Abstract Multi-instance scenes are especially challenging for end-to-end visuomotor (image-to-control) learning algorithms. “Pipeline” visual servo control algorithms use separate detection, selection and servo stages, allowing algorithms to focus on a single object instance during servo control. End-to-end systems do not have separate detection and selection stages and need to address the visual ambiguities introduced by the presence of an arbitrary number of visually identical or similar objects during servo control. However, end-to-end schemes avoid embedding errors from detection and selection stages in the servo control behaviour, are more dynamically robust to changing scenes and are algorithmically simpler. In this paper, we present a reactive real-time end-to-end visuomotor learning algorithm for multi-instance reaching. The proposed algorithm uses a monocular RGB image and the manipulator’s joint angles as the input to a light-weight fully-convolutional network (FCN) to generate control candidates. A key innovation of the proposed method is identifying the optimal control candidate by regressing a control-Lyapunov function (cLf) value. The multi-instance capability emerges naturally from the stability analysis associated with the cLf formulation...

LyRN (Lyapunov Reaching Network): A Real-Time Closed Loop Approach from Monocular Vision [Paper]
Zheyu Zhuang, Xin Yu, Robert Mahony
IEEE International Conference on Robotics and Automation (ICRA), 2020.

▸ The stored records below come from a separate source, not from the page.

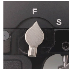
Pozice FIRE "F"
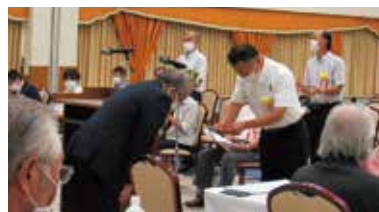
会員増強優良支部表彰
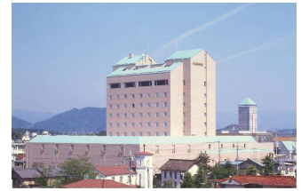
ホテルニューオウミ

Abstract We propose a closed-loop, multi-instance control algorithm for visually guided reaching based on novel learning principles. A control Lyapunov function methodology is used to design a reaching action for a complex multi-instance task in the case where full state information (poses of all potential reaching points) is available. The proposed algorithm uses monocular vision and manipulator joint angles as the input to a deep convolution neural network to predict the value of the control Lyapunov function (cLf) and corresponding velocity control. The resulting network output is used in real-time as visual control for the grasping task with the multi-instance capability emerging naturally from the design of the control Lyapunov function...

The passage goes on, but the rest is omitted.